Schlimmer als Schnupfen

Vielen gesetzlichen Krankenkassen droht die Insolvenz. Zu diesem Ergebnis kommt ein Gutachten, das vom Gesundheitsministerium zurückgehalten wurde. Der Finanzausgleich durch den Gesundheitsfonds, der 2009 von der schwarz-roten Bundesregierung eingeführt wurde, scheint nicht zu funktionieren.

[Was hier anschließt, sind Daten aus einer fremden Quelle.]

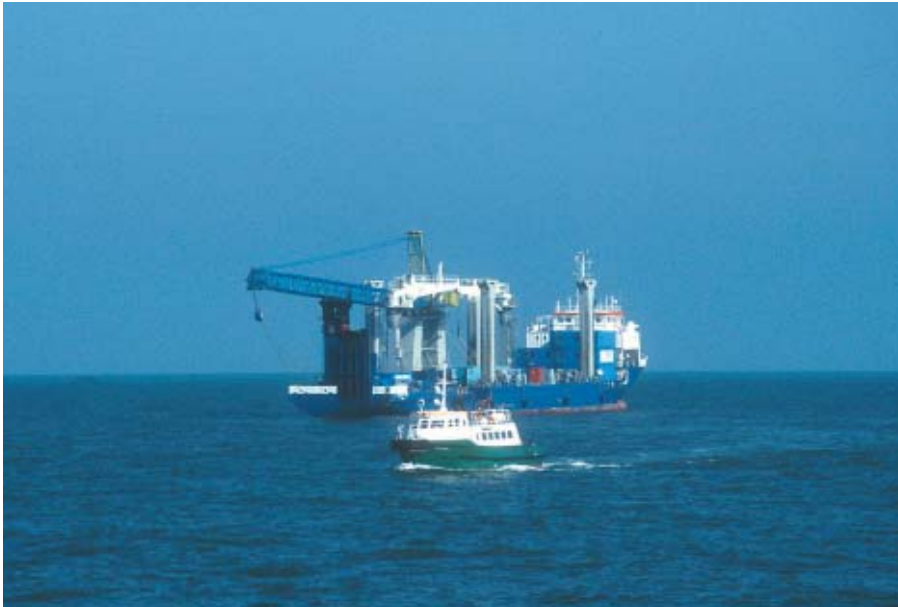
Det specielle kranskib anvendt til møllemontage ses bagest og i forgrunden et mindre skib, der kan anvendes til adgang ved vindmøllerne.

bedst at anvende helikopter, selvom helikoptertransport er dyrere. Til hovedrevision af parken vil der dog blive anvendt et større skib, og man regner med i snit to ordinære servicebesøg på hver mølle pr. år. Møllens levetid er anslået til ca. 20 år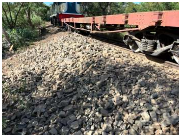
◆ Descarregamento de pedras em trecho atingido por erosão.

Também finalizamos a recomposição do aterro no km 22, onde teve uma erosão no início do ano pelas fortes chuvas, e levou uma parte do aterro e que agora já foi recomposto com pedras e terra. Também foi refeito e aumentado o bueiro da passagem de água sobre a linha.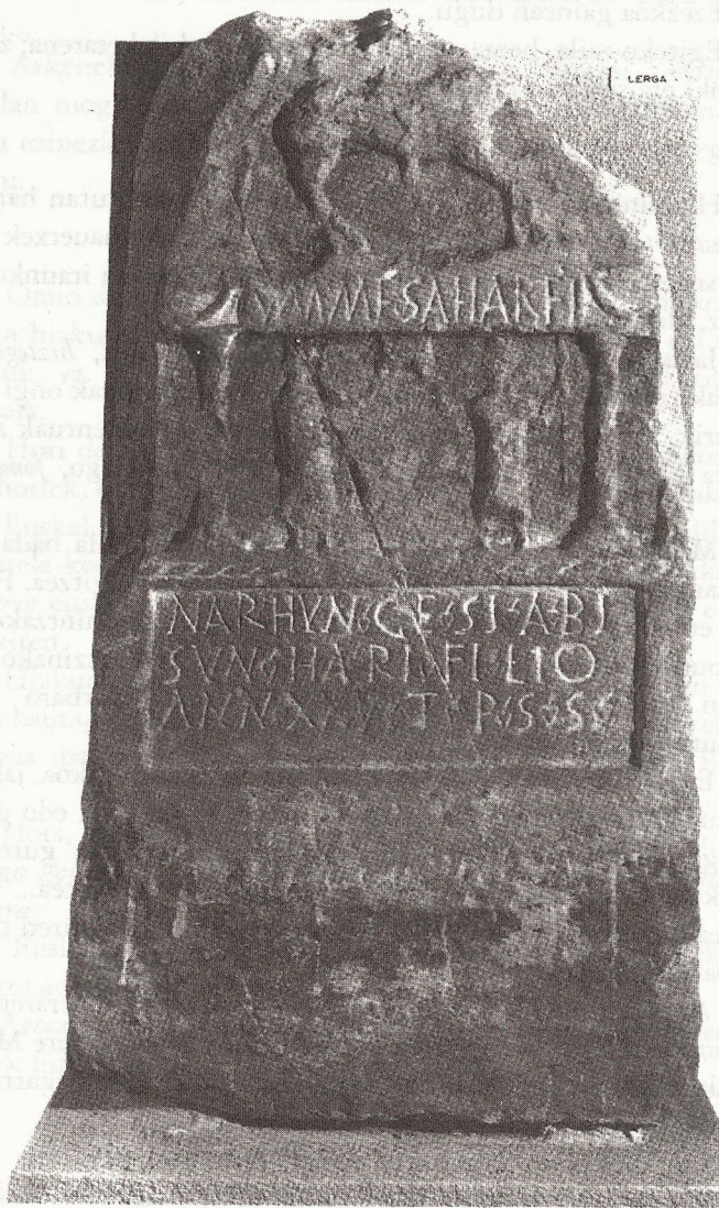
Nafarroako Lergan 1960an aurkitutako hilarri honek argibide hobeak eman ditu euskal penintsulaldearen eta Akitaniaren arteko batasun proto-euskalduna ezagutzeko

Eigentlich ist das richtig große Sterben schon längst vorbei. Als vor über 100 Jahren in Deutschland mit den ersten Elementen der Sozialversicherung auch die Gesetzliche Krankenversicherung (GKV) eingeführt wurde, entstanden im damaligen Deutschen Reich rund 22 000 Krankenkassen, die sich um die Belange kranker Arbeiter – heute würde man Arbeitnehmer sagen – kümmerten. Die Struktur war dezentral, fast jeder größere Betrieb hatte seine eigene Betriebskrankenkasse. Mit zunehmender Technisierung in der Verwaltung der Mitglieder ging die Zahl der Krankenkassen allmählich zurück. Gab es 1970 noch mehr als 1 800 gesetzliche Krankenkassen, verringerte sich deren Anzahl immer weiter, ihren bisherigen Tiefstand von 154 erreichte sie Mitte des Jahres 2011.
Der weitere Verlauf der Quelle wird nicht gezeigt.